The causal structure of lunar lander that includes previous state and actions. There should also be edges from each feature to the action at its time step, e.g. edges from x_pos_prev to a_prev, or from x_pos to a. These edges are not shown in this graph for simplicity

SCM structure

We use the Fig. 13 as the skeleton of SCM. The structural functions are learned with linear regression using 100 trajectories (\(\sim \)25000 samples).

Fig. 14
figure 14

A lunar lander trajectory instance we used to evaluate our algorithm and the corresponding causal importance vector. The “freefall phase” is roughly between steps 0-70, “adjusting phase” is between steps 70-170, and “touchdown phase” is from about step 170 to the end

Evaluation

Figure 14 shows a trajectory of the agent interacting with the lunar lander environment and the corresponding causal importance using our mechanism. We notice that our mechanism discovers three importance peaks, and we explain this as the agent’s decision-making during the landing process consisting of three phases: a “free fall phase”, in which the agent mainly falls straight and slightly adjusts its angle to negate the initial momentum; an “adjusting phase”, in which the agent mostly fires the main engine to reduce the Y-velocity; and a “touchdown phase”, during which the lander is touching the ground and the agent is performing final adjustments to stabilize its angle and speed. Figures 15a, 15b and 15c show our causal importance vector during each of the three phases. We notice that during the “free fall phase”, features such as angle, angular velocity and x-velocity are more important since the agent needs to rotate to negate the initial x-velocity. However, as the rocket approaches the ground during the “adjusting phase”, we find an increase in importance for y-velocity since a high vertical velocity is more dangerous to control when the rocket is closer to the ground. In the last “touchdown phase”, a large x-position and x-velocity importance can be observed as a change in those features is highly likely to cause the lander to fail to land inside the designated landing zone. Since the lander is already touching the ground, it will take much more effort for the agent to adjust compared to when the lander is still high in the air.

Fig. 15
figure 15

The importance vector on lunar lander calculated using our method and a comparison with the saliency map method. The solid bars in the first three figures representing the importance of the current-step features and the shaded bars are for the previous-step features

The results are similar to those of saliency-based algorithms [8], and Fig. 16 shows the difference in importance vector between our algorithm and saliency-based algorithm. Note that differences only occur for the positions and the angle. This is because other features don’t have any additional causal paths to the action besides the direct connection. Therefore, the intervention operation is equivalent to the conditioning operation for these features. The features position and angle have an additional causal path through the legs, which causes the difference. Notably, our method captures higher importance for angle, which we interpret as that the landing angle is crucial and is actively managed by the agent.

Fig. 16
figure 16

Difference between our method and the saliency map method for current-step features

We are also able to compute the importance of the features in the previous steps, and Fig. 14c and the shaded bars in Fig. 15 represent such importance vectors. The previous-step importances are rather similar to those of the current-step features since the size of the time step is comparatively small. However, our algorithm captures that during the “adjusting phase”, the previous-step importance for the angle is in general higher than the current-step importance, as changing the previous angle may have a cascading effect on the trajectory and is especially important to the agent when it is actively adjusting the angle.

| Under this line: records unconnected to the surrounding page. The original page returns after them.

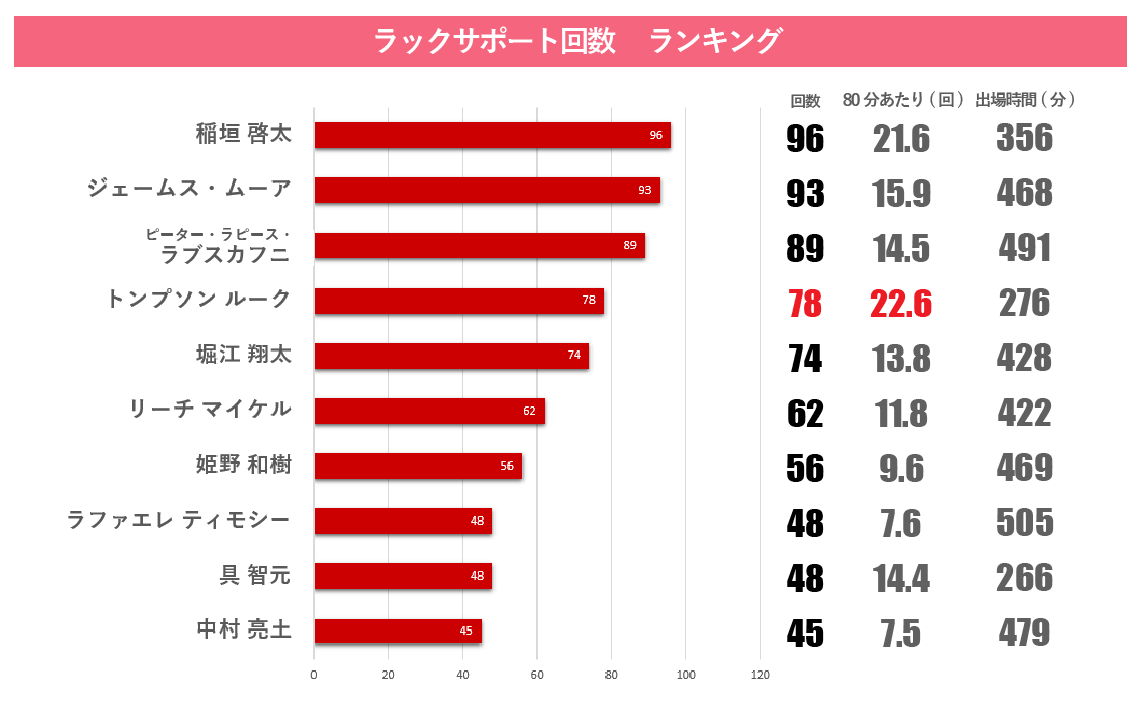 また、データから見える功労者として、私はトンプソン・ルーク選手も挙げたいですね。出場時間としては全体の4分の3ほどなのですが、タックル成功率は96.8%(図2)、ラックサポート数も78回とチーム上位。80分あたりの回数にならすと、チームトップの数値でした(図4)。
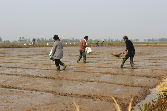 早在4月份,深入田間,就可見緊鑼密鼓的落谷育秧場景。明威公司4月15日完成秧田開溝、打埂、整平,17日開始浸種工作,并同步對秧田進(jìn)行上水洗鹽排堿及上水整平;4月22日正式實施秧田落谷工作,截止26日,全面完成自種2485畝秧田落谷工作。
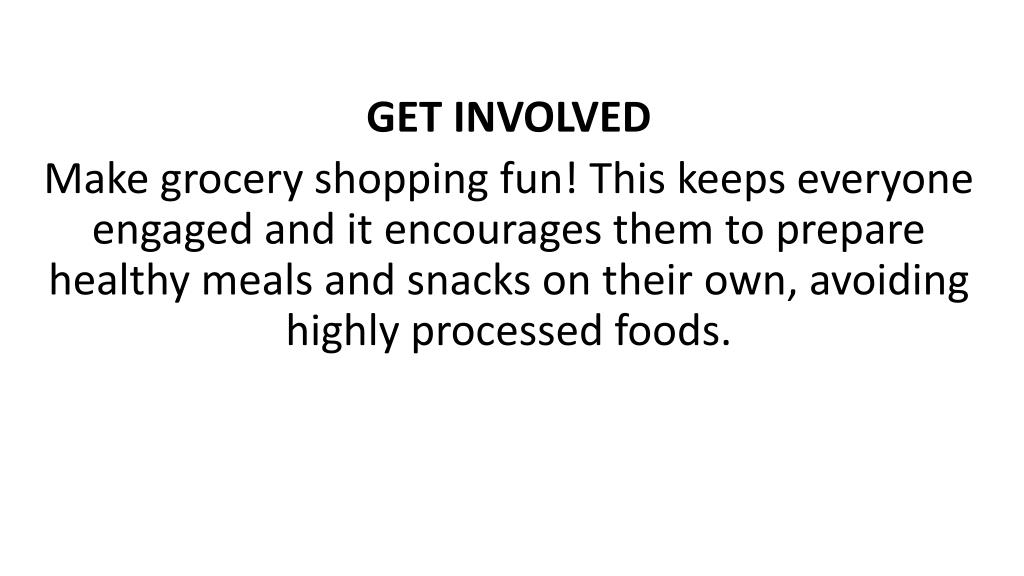GET INVOLVED Make grocery shopping fun! This keeps everyone engaged and it encourages them to prepare healthy meals and snacks on their own, avoiding highly processed foods.
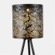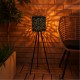 The lamp features a black, patterned casing that casts decorative light patterns when illuminated, creating a beautiful display at night. Powered entirely by solar energy, it charges during the day and switches on automatically at dusk.
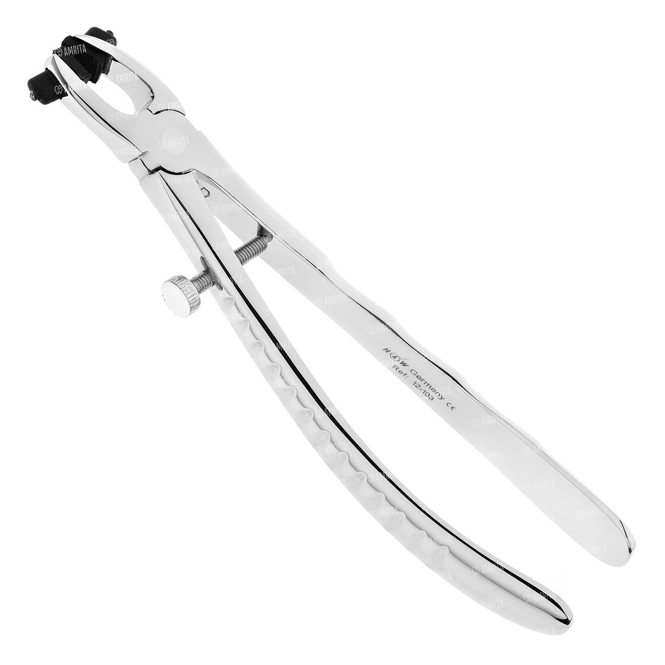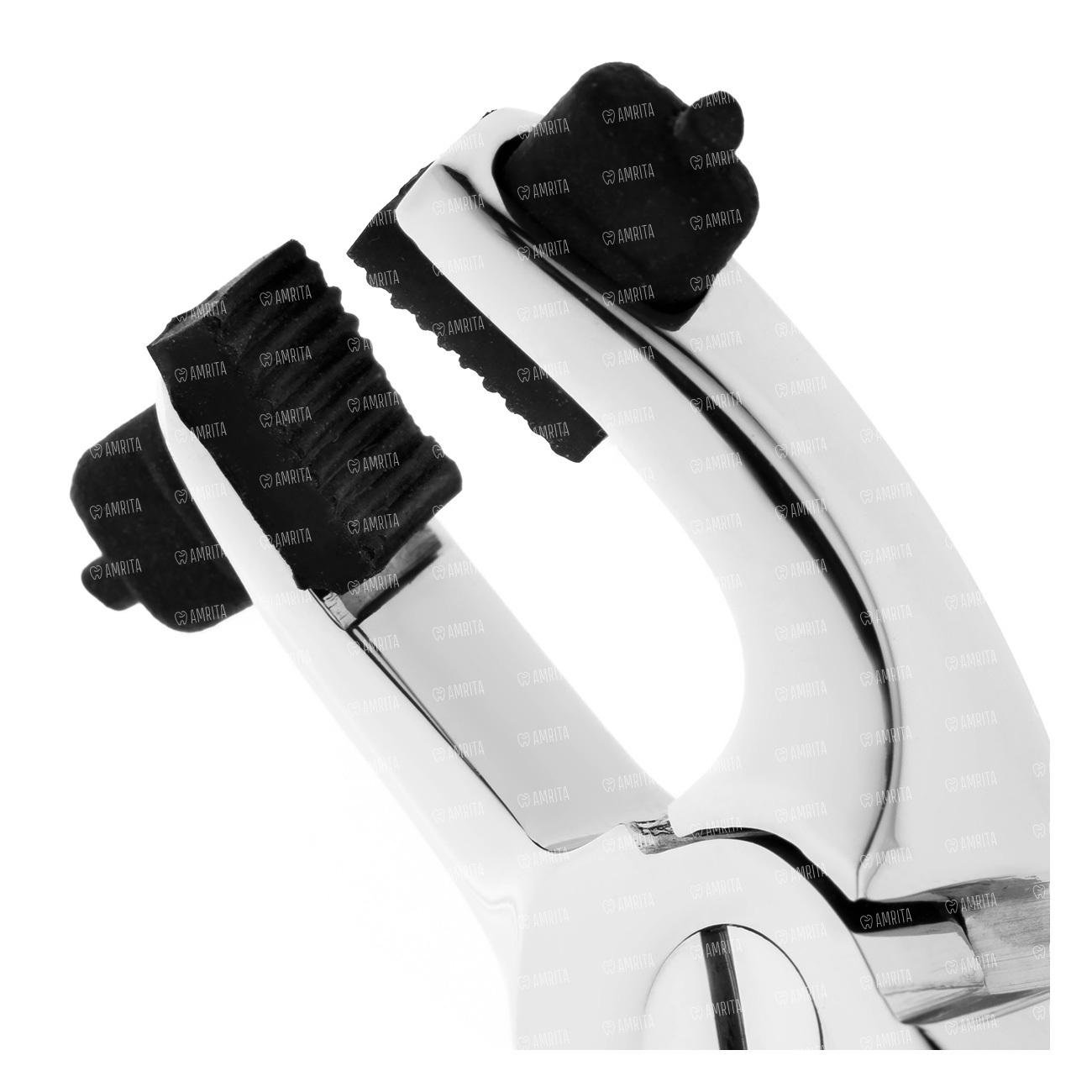 Одна из ручек инструмента имеет ограничительный винт предотвращающий излишнее сдавливание и деформацию хрупких безметалловых конструкций. Поверхность одной из ручек имеет эргономически удобные анатомичные изгибы для фаланг пальцев, вторая ручка гладкая. Отполированы до зеркального блеска. В основании шарнирного соединения имеется тефлоновая вставка обеспечивающая плавный ход инструмента.
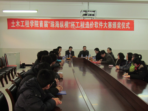 12月10日下午,大赛颁奖仪式在土木工程学院办公楼会议厅隆重举行,党总支副书记孙洪彬同志主持了仪式。颁奖仪式上,李仕东副院长首先公布了比赛获奖名单,徐晓剑等六名同学分别获得一二三等奖,与会领导和老师为获奖同学颁发了证书和奖品,并合影留念。会议随后,珠海纵横创新有限公司罗发明经理和倪宏革院长分别就本次比赛发表讲话,他们对本次软件大赛的成功举办给予了充分的肯定,并将大赛的意义、产生的积极作用和影响做了精确的阐述,对同学们在今后的学习也提出了明确的希望和要求。
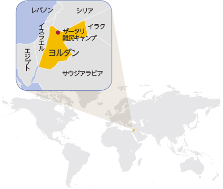ヨルダンで最大の難民キャンプが、シリアとの国境に近い北部にある「ザータリ」です。6万人が暮らせるように作られた敷地の中に、8万人近くがテントやプレハブに身を寄せ避難生活を続けています。
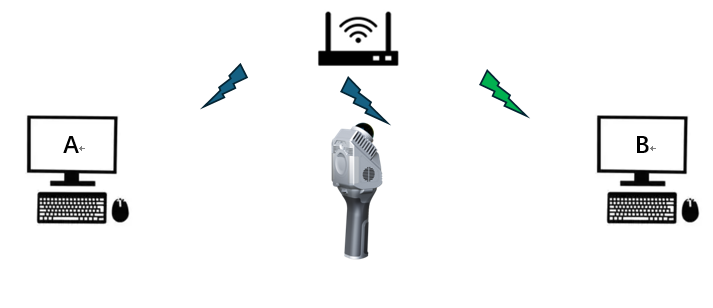 步骤一:将手持激光扫描仪设备连入无线局域网中,将 PC 端连入同一个局域网中;
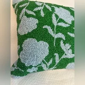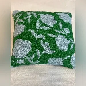 Kate Spade Target beaded Floral Green and Blue Throw Pillow 12x12
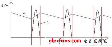 一般开关电源为容式滤波,在输入与整流滤波部分电磁噪声主要是由整流过程中造成的电流尖峰、电压波动所引起的。正弦波电源经过电源滤波器进行差模、共模信号衰减后,由整流桥整流、电解电容滤波,得到的电压作为高频逆变部分的输入电压。由于滤波电容的存在,使整流器不象纯整流那样一组开通半个周期,而是只在正弦电压高于电容电压时才导通,造成电流波形非常陡峭,同时电压波形变得平缓。电流、电压的波形如图2所示。
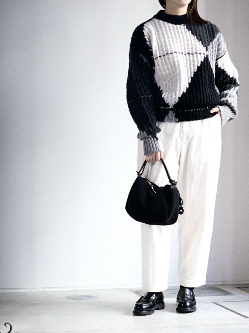 モデル①身長153cm/OFFWHITE 38サイズ着用、BLACK 36サイズ着用
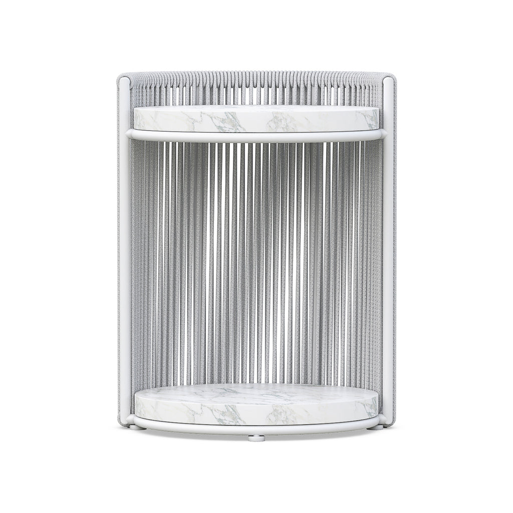Frame: Aluminum, All-Weather Rope - Honed Carrara Marble.
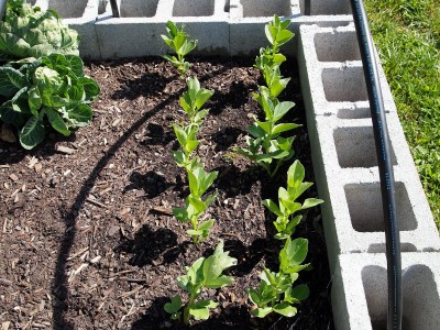 Fava beans and peas are doing fine.
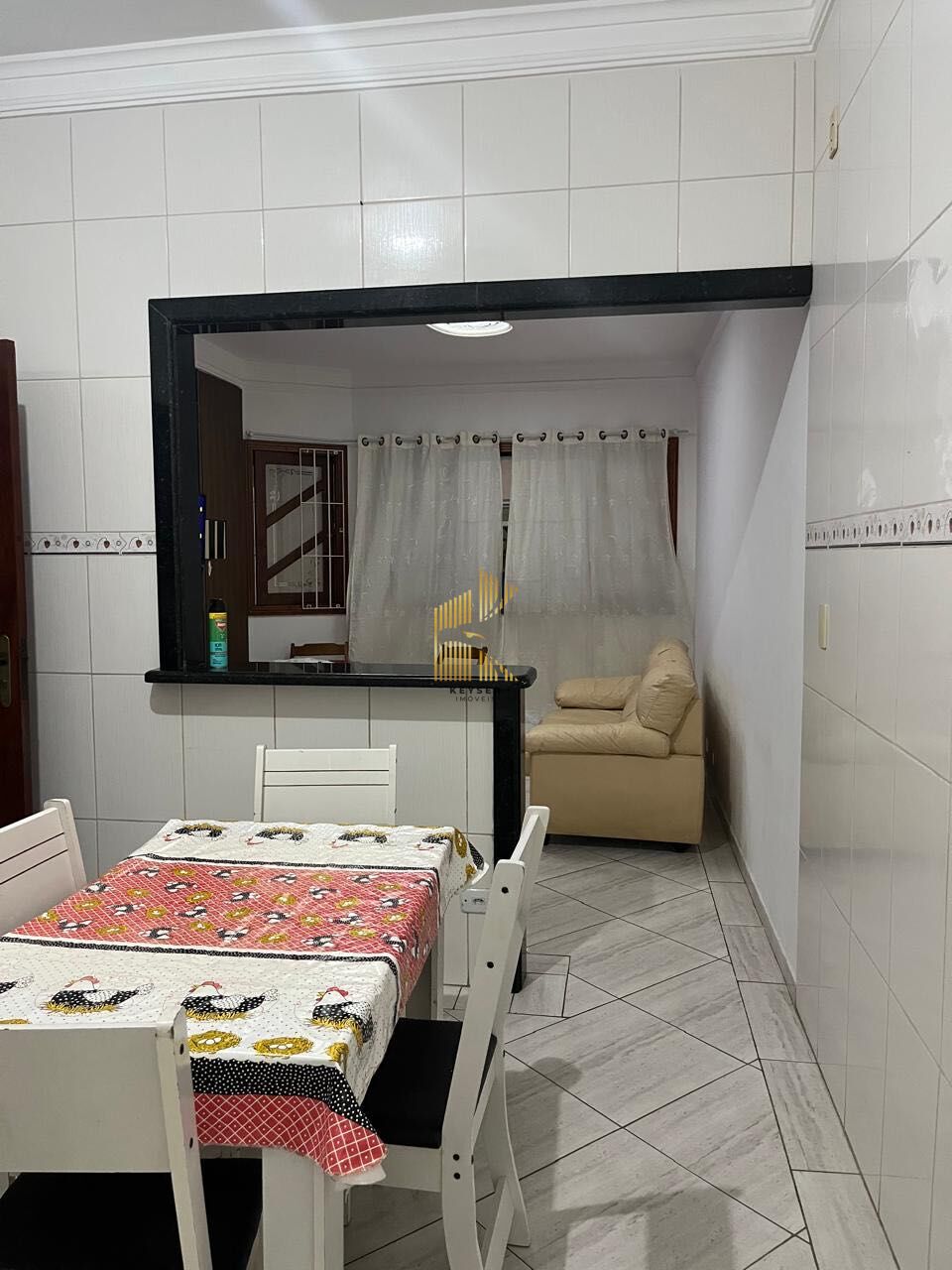 Casa à venda no bairro Caiçara em Praia Grande, SP. 3 quartos, sala, cozinha, 3 banheiros, área de serviço, piscina, churrasqueira e 2 vagas de garagem.
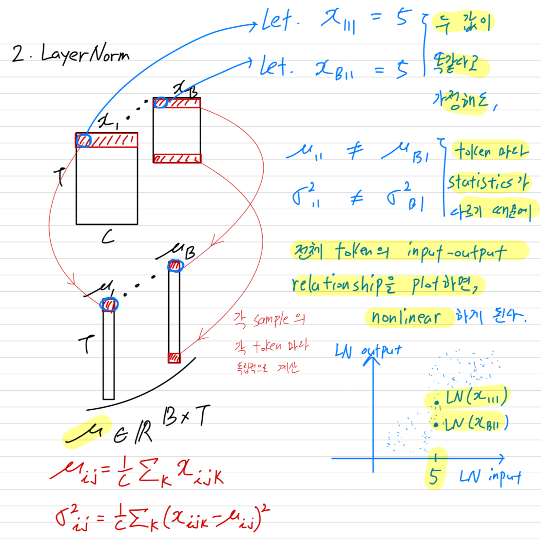 token마다 mean and stddev 값이 다르기 때문에 모든 activation들을 하나로 모아서 보면 전체적으로는 linearity가 유지되지 않는다.
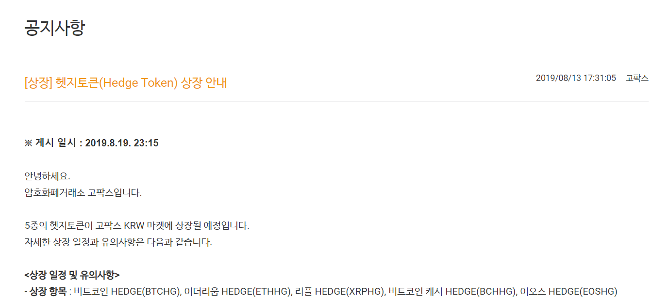 고팍스에서 헷지토큰을 8월부터 운용하고 있습니다.
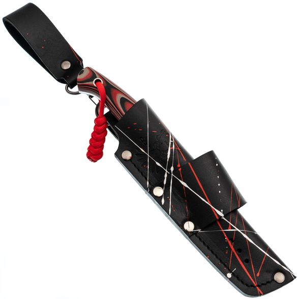 Рукоять выполнена из G10, что делает её лёгкой, прочной и устойчивой к внешним воздействиям. Длина рукояти позволяет удобно менять хват, а объёмные накладки обеспечивают плотное и надёжное заполнение руки. Конструкция на накладном монтаже повышает общую прочность.
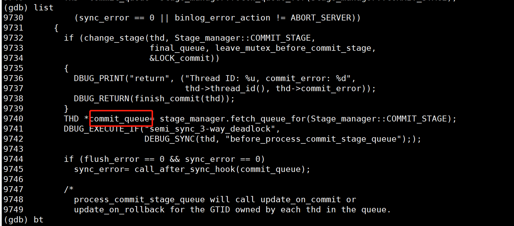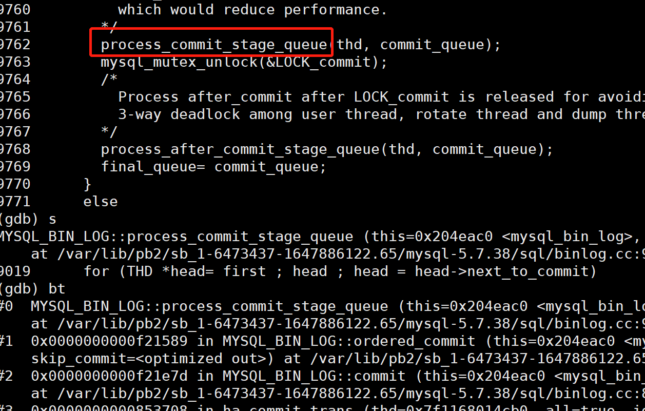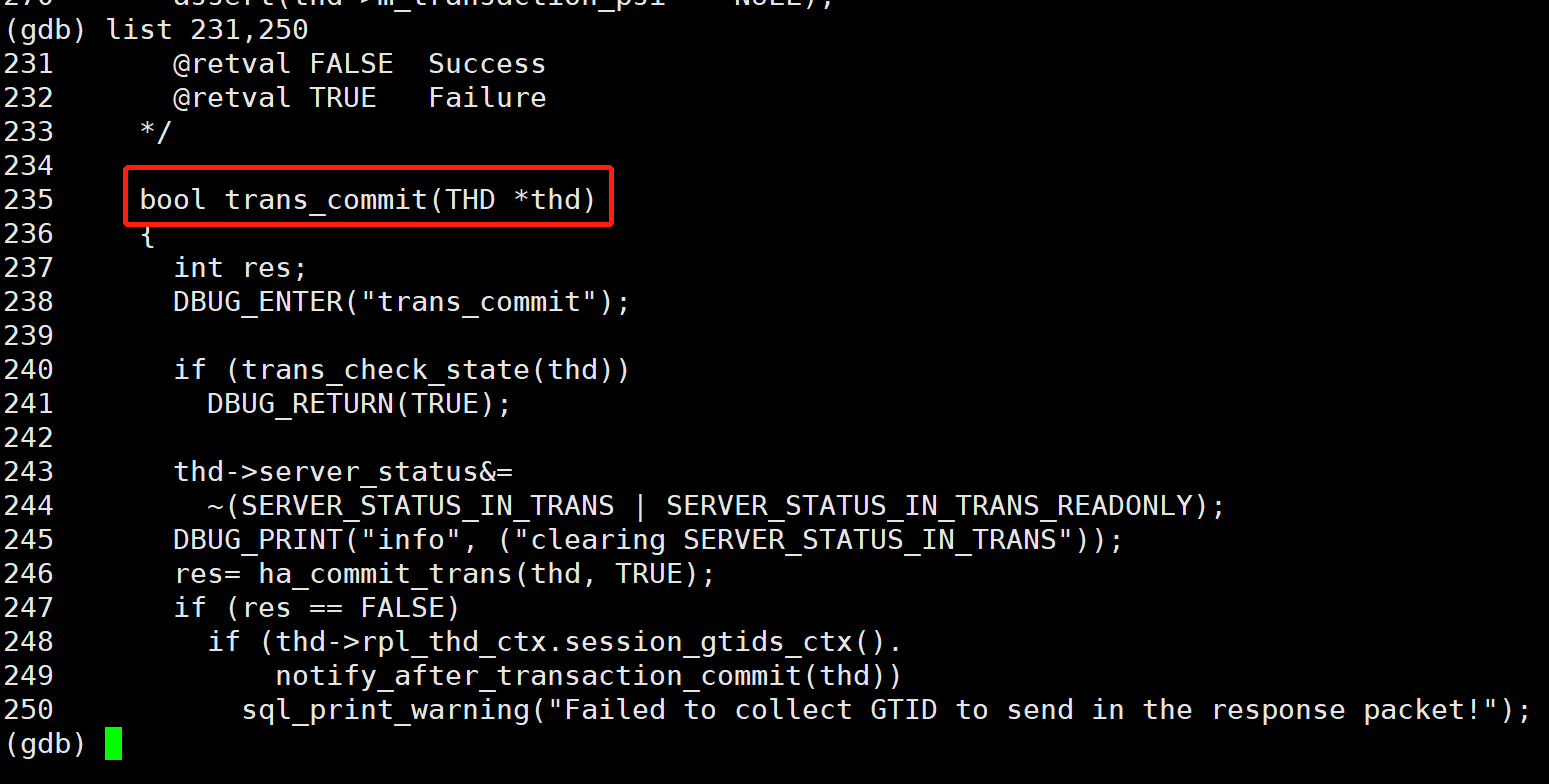 此时, 代码就停在trans_commit处, 可以使用bt查看frame信息, 也可以step/next运行代码, 也可以finish完成当前frame代码.
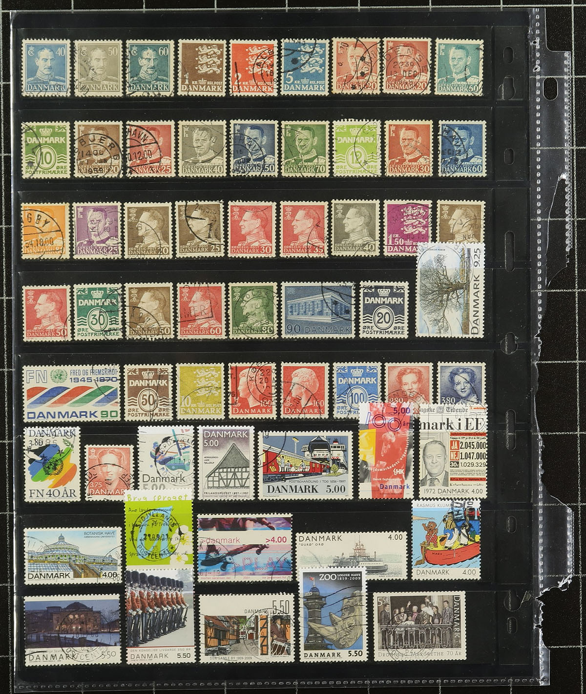 Accumulation of used Denmark, 1864-2011, containing roughly 900 stamps in several album or stock pages. The lot generally ranges from Scott #13/1569, including sets and partial sets and back of the book issues. A cursory check indicated a few better stamps including #s 18-19, 68 ($120), O9, along with singles, sets, and partial sets cataloguing $10 and up. Owner's 2016 Scott catalogue value for the lot totals US$1,144.00 ($1544.40 CDN). A nice lot noting several 'socked on the nose' town postmarks, a few faults with the early stamps, overall fine to very fine. Estimate =
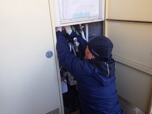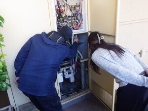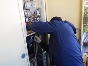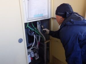 パイプスペースの扉を閉めて、給湯器交換工事完了になります

Appendix B: Sensitivity analysis

This section performs a sensitivity analysis on how the perturbation amount affects the result of our explanation.

For action-based importance, too small of a perturbation may not yield a meaningful result. This is due to the fact that, depending on the environment and the policy, a too small perturbation may fail to trigger a noticeable change in the action, resulting in a zero importance. This differs from the zero importance case where the policy disregards the feature when making decisions. In our experiments, we use 0.01 with respect to the range of the features for continuous features and the smallest unit for discrete features.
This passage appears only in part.